BEGIN MATERIAL FOR THE TASK

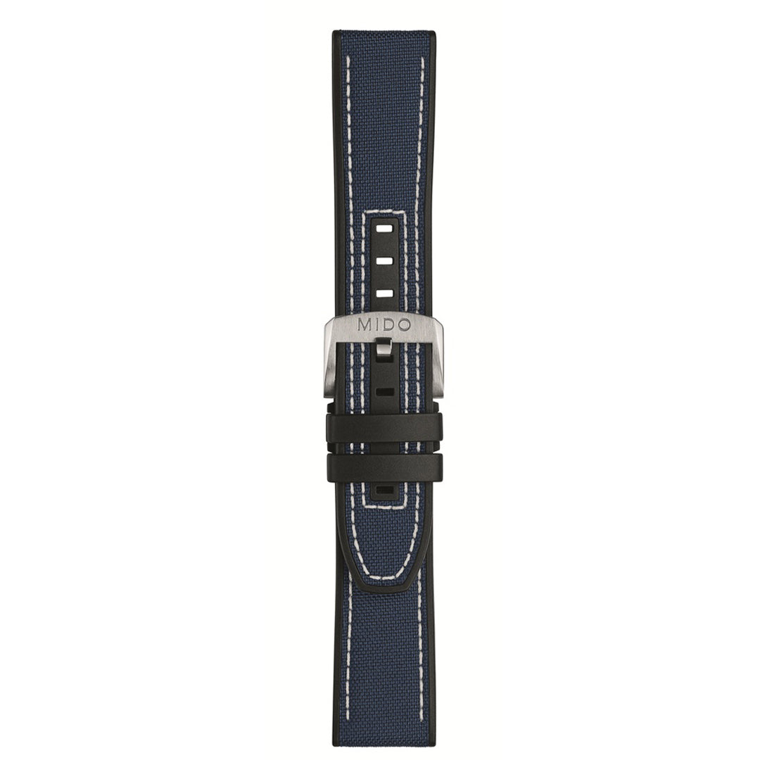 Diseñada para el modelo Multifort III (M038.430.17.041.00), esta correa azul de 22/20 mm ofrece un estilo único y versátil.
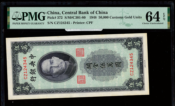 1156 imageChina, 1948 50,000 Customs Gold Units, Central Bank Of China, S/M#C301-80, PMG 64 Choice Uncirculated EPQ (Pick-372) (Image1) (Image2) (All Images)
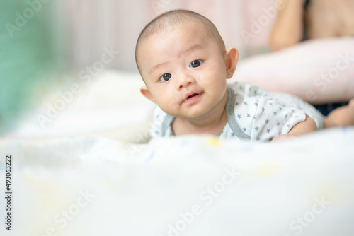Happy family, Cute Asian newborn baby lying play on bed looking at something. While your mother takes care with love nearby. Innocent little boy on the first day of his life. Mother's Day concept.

END MATERIAL FOR THE TASK
BEGIN MATERIAL FOR THE TASK

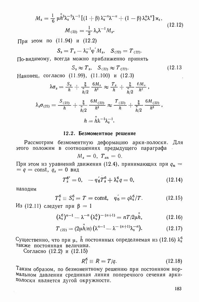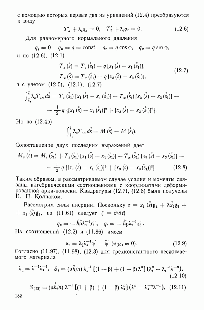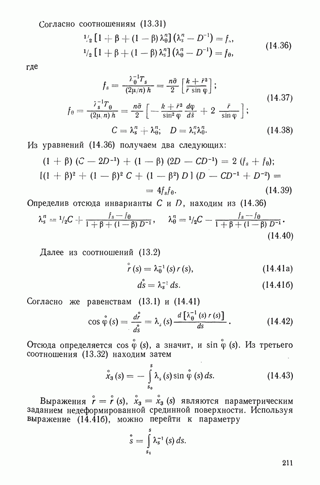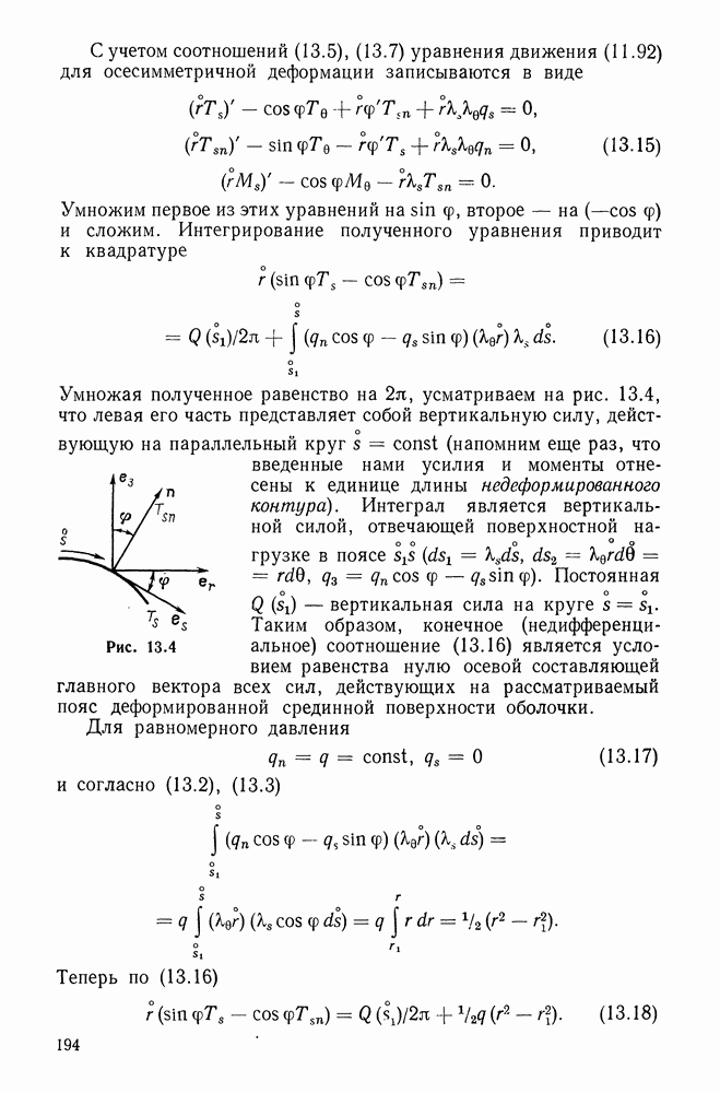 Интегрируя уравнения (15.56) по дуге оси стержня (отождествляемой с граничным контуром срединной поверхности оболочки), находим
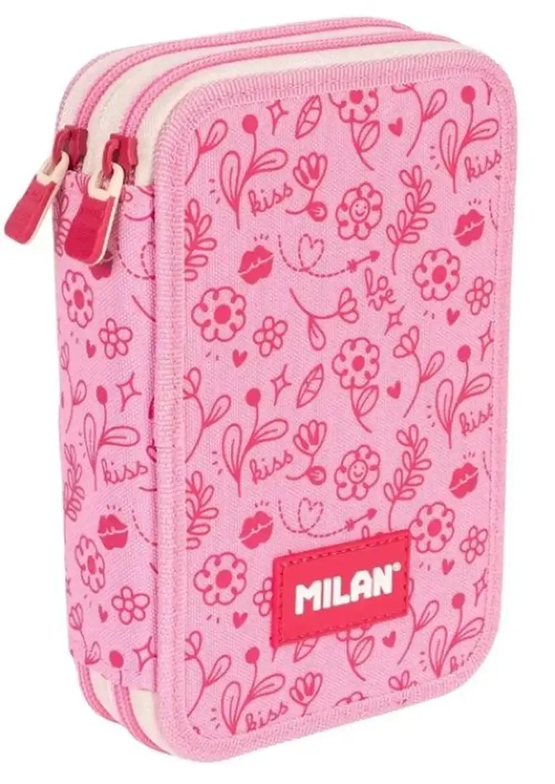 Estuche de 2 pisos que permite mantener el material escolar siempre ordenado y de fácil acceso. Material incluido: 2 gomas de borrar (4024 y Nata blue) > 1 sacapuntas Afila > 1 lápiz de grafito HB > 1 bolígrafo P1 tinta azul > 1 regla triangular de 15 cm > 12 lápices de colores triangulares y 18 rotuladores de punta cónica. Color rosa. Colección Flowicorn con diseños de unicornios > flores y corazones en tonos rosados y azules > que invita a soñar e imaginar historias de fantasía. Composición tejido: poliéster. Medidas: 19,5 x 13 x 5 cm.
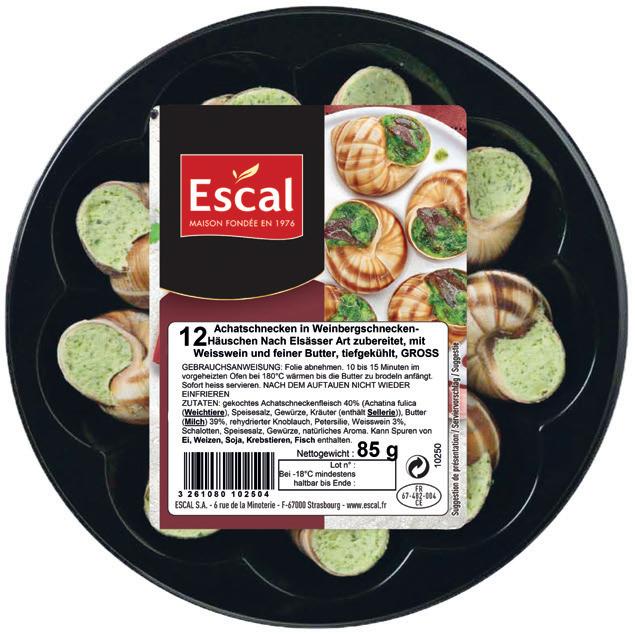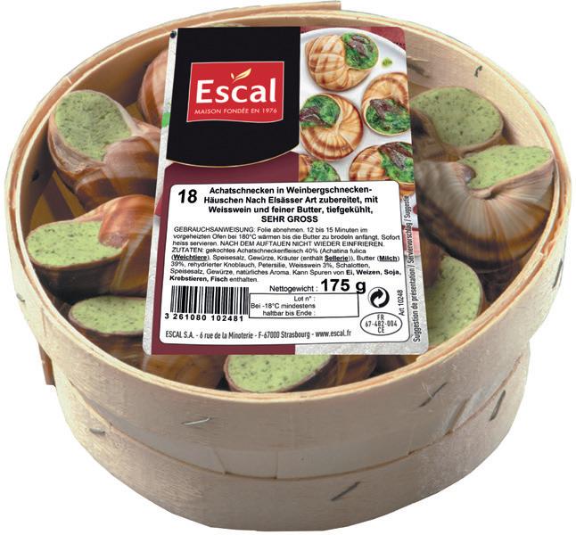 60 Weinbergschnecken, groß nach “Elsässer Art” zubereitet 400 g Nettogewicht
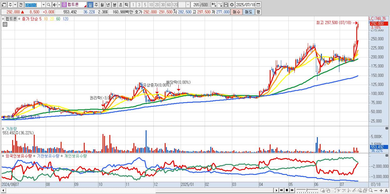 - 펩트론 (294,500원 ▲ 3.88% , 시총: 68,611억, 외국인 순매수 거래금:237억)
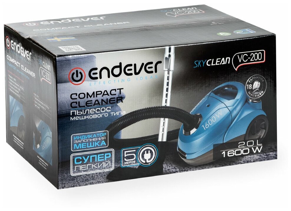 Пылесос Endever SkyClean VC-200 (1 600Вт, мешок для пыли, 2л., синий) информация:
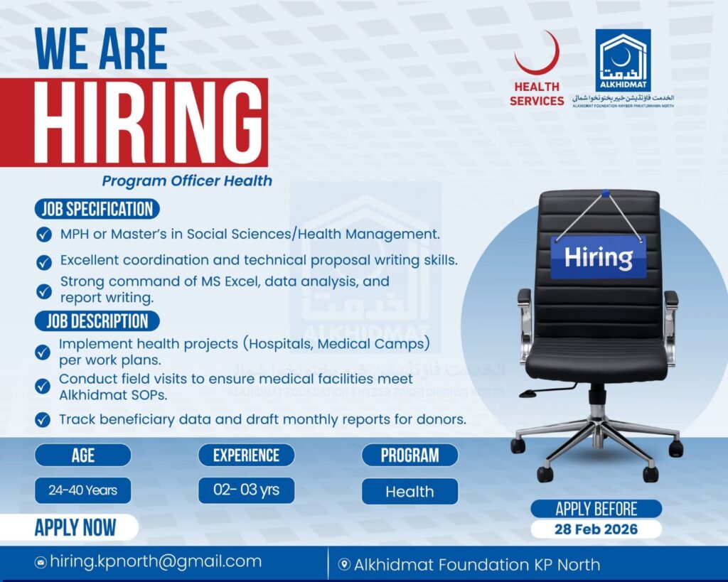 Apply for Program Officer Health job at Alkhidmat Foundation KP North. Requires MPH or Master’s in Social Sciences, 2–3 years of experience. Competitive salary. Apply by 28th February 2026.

END MATERIAL FOR THE TASK
BEGIN MATERIAL FOR THE TASK

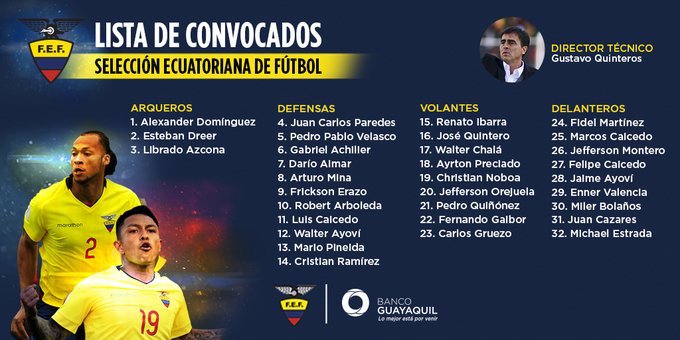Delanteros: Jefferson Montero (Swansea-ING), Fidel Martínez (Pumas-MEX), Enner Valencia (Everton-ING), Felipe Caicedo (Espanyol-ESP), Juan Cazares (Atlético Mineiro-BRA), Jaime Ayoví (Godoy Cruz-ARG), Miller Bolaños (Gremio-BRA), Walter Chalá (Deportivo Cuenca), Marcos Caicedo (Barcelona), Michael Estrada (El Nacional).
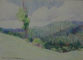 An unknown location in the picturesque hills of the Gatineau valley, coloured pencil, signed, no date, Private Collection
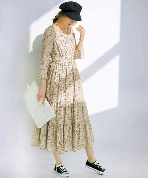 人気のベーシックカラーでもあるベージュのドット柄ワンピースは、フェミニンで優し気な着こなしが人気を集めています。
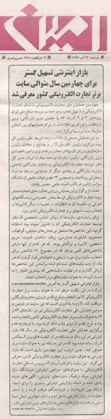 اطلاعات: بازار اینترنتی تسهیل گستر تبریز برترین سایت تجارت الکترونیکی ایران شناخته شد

END MATERIAL FOR THE TASK

- WHAT TO PRODUCE: No picture is to be printed. Output exactly the lines above from the line containing "Diseñada para el" through the line containing "Happy family, Cute".

- RESPONSE TO THIS TASK:
 Diseñada para el modelo Multifort III (M038.430.17.041.00), esta correa azul de 22/20 mm ofrece un estilo único y versátil.
 1156 imageChina, 1948 50,000 Customs Gold Units, Central Bank Of China, S/M#C301-80, PMG 64 Choice Uncirculated EPQ (Pick-372) (Image1) (Image2) (All Images)
Happy family, Cute Asian newborn baby lying play on bed looking at something. While your mother takes care with love nearby. Innocent little boy on the first day of his life. Mother's Day concept.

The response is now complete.